This something more is not added to the text like a secret ingredient in
a family recipe. Rather, this something more is inherent to the text
because it is Christian Scripture, because it is God's written word
that testifies to the incarnate, crucified, and risen Word. (39) Recall
again Luther's bold statement, "All of Scripture everywhere
deals only with Christ." (40)
As a biblical scholar, I have also learned a great deal about this
from Jewish colleagues who call for and invite Christians to be true to
the tradition of Christian interpretation. One of them, Jacob Neusner,
teaches that "while the world at large treats Judaism as 'the
religion of the Old Testament,' the fact is otherwise. Judaism
inherits and makes the Hebrew Scriptures its own, just as does
Christianity." (41) Similarly, Jon Levenson invites Christian
interpreters to read the Hebrew Scriptures as Christians and not out of
guilt or shame. (42) As Jews read TaNaK in relation to God's
covenant with Israel, so Christians read the Old Testament in relation
to God's self-revelation in Jesus Christ. With the encouragement of
Jewish scholars like Neusner and Levenson, I am encouraged to encourage
the church and its preachers to proclaim the whole of Scripture in
Christ.
So, what does this sound like?
Well, it does not sound like a formula or a specific set of rules.
(43) It does not sound like applying Jesus as a fix-all or Band-Aid. It
does not mean disregarding the text. (44) Quite the opposite.
It does mean approaching the text through the rule of faith in the
Triune God and imagining the text with all its complexities within the
horizon of Christ, remembering that preaching is knowing nothing but
Christ and him crucified and recalling Luther's movement in the
"German Mass" from the reading of Scripture to the preaching
through the Triune confession of faith.
The fifth chapter of John's gospel provides an interpretive
tension within which we might consider the interpretation of Scripture
in Christ for proclamation.
The chapter begins with Jesus at the edge of Jerusalem. He is at
the Sheep Gate, (45) at the pool called Beth-zatha ([TEXT NOT
REPRODUCIBLE IN ASCII.]) known for healing powers that come when an
angel of the Lord would trouble the waters after which the first person
to step into the waters would be healed. John explicitly tells us that
in the five porticoes around the pool lay the blind, the lame, the
paralyzed (v.3). (46) Jesus, without asking for details, approaches a
man diseased for thirty-eight years. "Do you want to be made
well?" Jesus asks him. The man, referencing the healing story
associated with the pool (cf. v.4), says that he is unable to get in the
pool at the appropriate time. Jesus' healing words to him are
unbidden and simple: "Stand up, take your mat and walk."
That's that. The man unable to walk for thirty-eight years can now
walk. Pretty cool, but it is not until the second half of v.9 that the
real kicker comes into play: "Now that day was a Sabbath."
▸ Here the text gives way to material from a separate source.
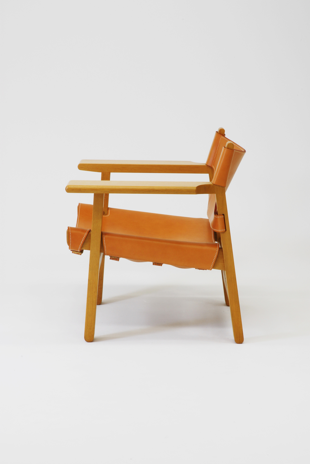 モーエンセンが「F.D.B」からフリーになったあとにつくった椅子である。背と座がそれぞれ厚い一枚革でつくられたスペインの椅子をリデザインしたものである。リデザインをするときに大切なことがらは2つあり、1つは今日の技術を用いつつ品質を落とさないこと。2つ目は今日の生活にあわせて機能的に使いやすくすることである。モーエンセンは2つのことを忘れずにリデザインしている人物であるといえるだろう。アームは小テーブルとして使うことができ、また革は伸びてもベルトで調節できるようになっている。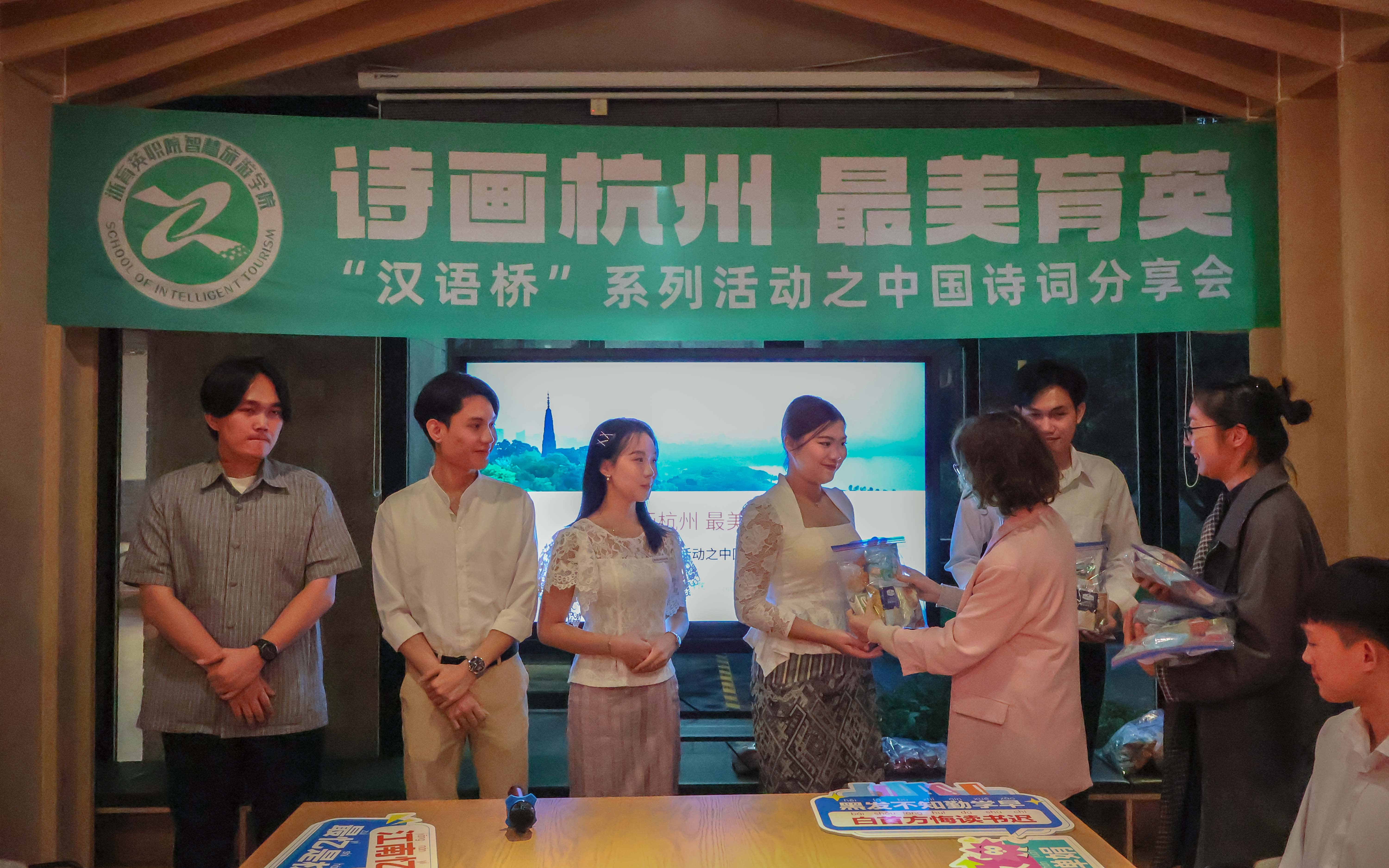 11月7日下午,智慧旅游學(xué)院"漢語橋"系列活動之"詩畫杭州,最美育英"中國詩詞分享會在書吧舉辦。來自老撾的留學(xué)生與6名中國學(xué)子共聚一堂,在葛秀華老師、輔導(dǎo)員董文老師的指導(dǎo)下,開啟了一場跨越國界的文化對話。

Jesus not only heals on the Sabbath thereby breaking the sabbath, he
also commands the newly healed fellow to take up his mat and walk. Jesus
commands another to break the sabbath. The sabbath, of course, is not a
peripheral commandment. It is rather central to creation and faithful
adherence to the covenant. Yet, Jesus breaks it and commands another to
break it as well.
Hold that in tension with what happens at the end of the chapter,
where we hear the sabbath-breaking Jesus saying to the religious
leaders: "If you believed Moses, you would believe me, for he wrote
about me. But if you do not believe his writings, how will you believe
my words?" (47)
This is the imaginative tension into which the Christian
interpreter is called. It is a tension that holds fast to the notion
that all of Scripture is in some way about Christ while acknowledging
that Jesus himself does at times critique Scripture.
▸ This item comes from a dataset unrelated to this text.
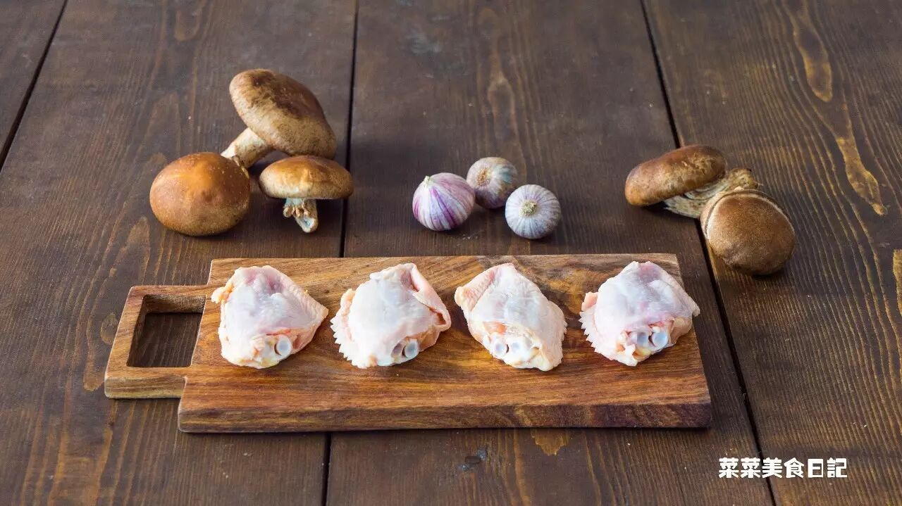 鸡中翅、鲜香菇、蒜头、干辣椒

Precritical interpreters made this move naturally. Scripture
witnessed to the Triune God and in particular to Jesus Christ. This was
obvious. Bent by the strong winds of the critical period, however, we
have in some respect and to differing degrees forgotten this instinct,
this way of reading and knowing. The movement to a postcritical period
includes regaining trust in what Jesus, the Sabbath-breaker, says at the
end of John 5. "Moses wrote about me." This is the heart of
the "spiritual knowledge" of which Luther spoke. This is
interpreting in faith for faith. This is moving from the reading of
Scripture through the confession of faith in the Triune God to the
preaching of Jesus Christ and him crucified. When we forget the basic
tension of John 5, we are more likely to hatch blue ducks.
Isaiah 55
When asked about the relation of her writing and faith, Flannery
O'Conner (1925-1964), whose work is noted for its willingness to
enter wide-eyed into the depths of the human condition and to do so
within the horizon of Christian faith, responded: "I see from the
standpoint of Christian orthodoxy. This means that for me the meaning of
life is centered in our Redemption by Christ and what I see in the world
I see in relation to that." (48) This notion of interpreting
Scripture in Christ is a way of seeing all Scripture in its textual
complexity and ultimately in relation to Jesus Christ. In short, it is
seeing with the eyes of faith.
The organic images of Isaiah 55:10-11, undergirds such a
hermeneutic of faith:
For as the rain and the snow come
down from heaven, and do not return
there until they have watered the earth,
making it bring forth and sprout, giving
seed to the sower and bread to the
eater, so shall my word be that goes out
from my mouth; it shall not return to
me empty, but it shall accomplish that
which I purpose, and succeed in the
thing for which I sent it. (49)
The promise here is clear. God's word is active. It
accomplishes. It does what God intends.
But what is it that it does?
For this we look to the prophet's metaphor: as rain and snow
come down from heaven, they do not return until they have watered, until
they have caused the earth to bring forth and sprout. And what is it
that grows? Seed for the sower and bread for the eater. Nourishment.
Life. Faith.
The plain sense of this poetic text is clear. As spring rains
green-up landscapes colored by winter's death, God's word does
what God intends. (50)
The narrative context and theological witness of this portion of
Isaiah 55 hears this promise from YHWH, from the Lord, the maker of
heaven and earth, the God of Israel, the Triune God. Reading and hearing
in faith for faith, this Word which YHWH speaks is the eternal Word, who
became incarnate, was crucified, and rose from the dead. This Word
speaks himself to the world in the sermon. Such is the promise of the
living God, Father, Son, and Holy Spirit, the God who invites our trust
in the promise that God's word does not return empty.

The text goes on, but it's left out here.